Livingston lad wins big with Israeli baseball team
search

Livingston lad wins big with Israeli baseball team

Lipsey, first row, second from right, and his teammates were on the first team from Israel to win the championship of the Tuscany Series.
Lipsey, first row, second from right, and his teammates were on the first team from Israel to win the championship of the Tuscany Series.

The Little League World Series ended on Sunday with the group from Huntington Beach, Calif., beating their counterparts from Hamamatsu City, Japan, 2-1, for the championship. Teams from around the world participated in the annual spectacle in Williamsport, Pa., but Israel was not among them, since they would have been required to play on Saturdays.

That’s not to say that there’s no youth baseball program in the Holy Land. In fact, the Israeli national 14-and-under team won a championship of their own when they took top honors last month in the Tuscany Series, a European tournament held in Arezzo, Italy.

The second baseman on that team was Josh Lipsey, 12, who usually lives in Livingston with his parents, Bill and Amy. However, the family spent a year living in Israel, which gave Josh this unique opportunity.

Josh, who played Little League in New Jersey before he became age-ineligible, joined the local Israeli Little League in the town of Ra’anana there on the suggestion of a friend. He later tried out for the national team and won the second base role.

There was one other American on the team; the rest were from families who had made aliya. And while most of the other players spoke Hebrew as their daily language, they were all fluent in English; the coaches, however, spoke to them in Hebrew as well.

As a veteran of six years of American Little League, Josh was able to offer an expert assessment of the quality of youth baseball in Israel.

“The team I played on was about the same” level of ability as others he has been a member of, but overall, Little League in America is “a lot better” than in Israel, he said in a phone conversation from Livingston, where the family’s been since their return a few weeks ago. “There were two fields that were almost professional grade, and the other ones needed a lot of care.”

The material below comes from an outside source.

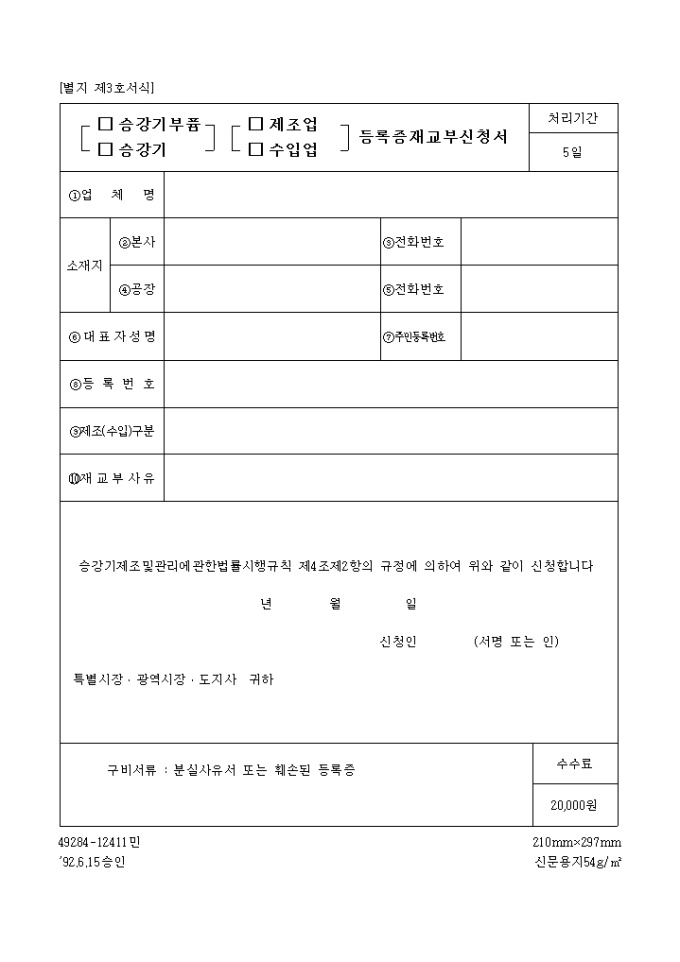 9,000원/월승강기제조및관리에관한법률시행규칙 제4조제2항의 규정에 의하여 위와 같이 신청하고자 할 때 사용하는 "(승강기부품,승강기,제조업,수입업)등록증 재교부신청서" 양식입니다.

Spending the year in Ra’anana “was just a decision that my wife and I made as an experience that we felt was important and could benefit everyone,” said Bill Lipsey, who is a former president of Congregation Agudath Israel of West Essex in Caldwell. He coached in Livingston, but was just a fan in Israel, which he said had yet to be infected by “Little League parent syndrome.”

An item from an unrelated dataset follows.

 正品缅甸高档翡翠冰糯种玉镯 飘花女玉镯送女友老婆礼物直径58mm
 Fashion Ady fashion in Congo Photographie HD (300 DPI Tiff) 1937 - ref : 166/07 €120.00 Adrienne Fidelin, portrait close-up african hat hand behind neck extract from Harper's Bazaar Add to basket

“It’s a little more laid back,” he said. “Baseball is relatively a new sport in Israel although because there’s so many American olim, baseball has become bigger.”

More than 30 teams are scattered throughout the country. Lipsey attributed the interest in renewed attempts to build a professional presence in Israel; the first attempt failed after a single season in 2007.

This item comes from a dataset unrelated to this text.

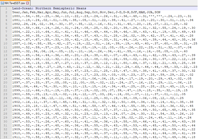 CSV file names end with a .csv and if you opened one inside Excel, it would look like a regular Excel file. NASA provides an estimate of global surface temperature change which allows us to calculate weather anomalies. The data is available at https://data.giss.nasa.gov/gistemp/tabledata_v3/NH.Ts+dSST.csv as a CSV file which you open inside Excel looks something like this:

“The parents are excited and proud of their children,” said Lipsey, “the same way American parents are.”

The Israeli national team participated in the Arezzo tournament — held July 27-Aug. 1 —with five other teams representing Czech Republic, Germany, France, and two squads from Italy. Josh and his teammates won four of their five games in the preliminary round to move on to the finals, which they won in come-from-behind fashion, scoring five times in the final inning for a 6-3 victory and the championship.

This marked the first time a team from Israel won the tournament.

“It was a great honor to be on the Israeli national team,” Josh said.